Hugh Leslie Gibb (15 January 1916 – 6 March 1992) was an English drummer, bandleader and the father of musicians Barry, Robin, Maurice and Andy Gibb.  Barry, Robin and Maurice would go on to form the Bee Gees, one of the most successful musical groups of all time, while Andy would have several hits as a solo performer.

Life and career

Early life and family background

Hugh Leslie Gibb was born in Chorlton district in Manchester to Hugh Gibb and Edith Yardley. He said: "I was the oddball in my family 'cause I liked music and the attitude was that it would never do you any good. The main theme then was go to work, have a steady job, and bring your wages home every weekend. A side track from that wasn't right in their eyes. To be a musician was like the old days, you know, when they were considered vagabonds, and that's all I ever wanted to do."

Gibb's father was born in Lanarkshire, Scotland in 1876. His mother was born in Manchester in 1892 to William and Hannah. She was 16 years younger than her husband and became step-mother to his seven children he had from his previous marriage, to Annie, who had died in 1889 at the age of 38. Gibb's grandfather, Thomas Yardley, was born in 1826 and is recorded as a railway worker.

Barbara Pass
Barbara Pass was a dance band vocalist and, on one of her nights off, she went with a friend to another dance hall.
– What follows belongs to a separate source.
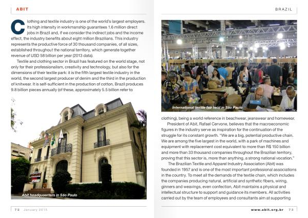 C lothing and textile industry is one of the world ’ s largest employers . Its high intensity in workmanship guarantees 1.6 million direct jobs in Brazil and , if we consider the indirect jobs and the income effect , the industry benefits about eight million Brazilians . This industry represents the productive force of 30 thousand companies , of all sizes , established throughout the national territory , which generate together revenue of Usd 58 billion per year ( 2013 data ).

Later, she said: "That's where it all started." Hugh escorted Barbara home that night and thereafter romance blossomed. Despite the nightmare of the war, Hugh had fond memories of the time he met his future wife, as he said: "People enjoyed themselves more. Kids to-day think they've done everything by the time they're 18 and have nothing to look forward to." They were married on 27 May 1944 in Manchester. Their first child, daughter Lesley, was born on 12 January 1945. Shortly afterwards, they moved to Scotland, where his band was starting to play in Edinburgh; as Barbara explained: "We lived just at the outskirts of Edinburgh." After a while, Hugh, Barbara and Lesley moved back to Manchester and lived with Barbara's mother, Nora Pass, in Stretford. Then Gibb got a job on the Isle of Man and they moved to its capital, Douglas. Gibb started to play at the Douglas Bay Hotel and the Alexandra, both in Douglas.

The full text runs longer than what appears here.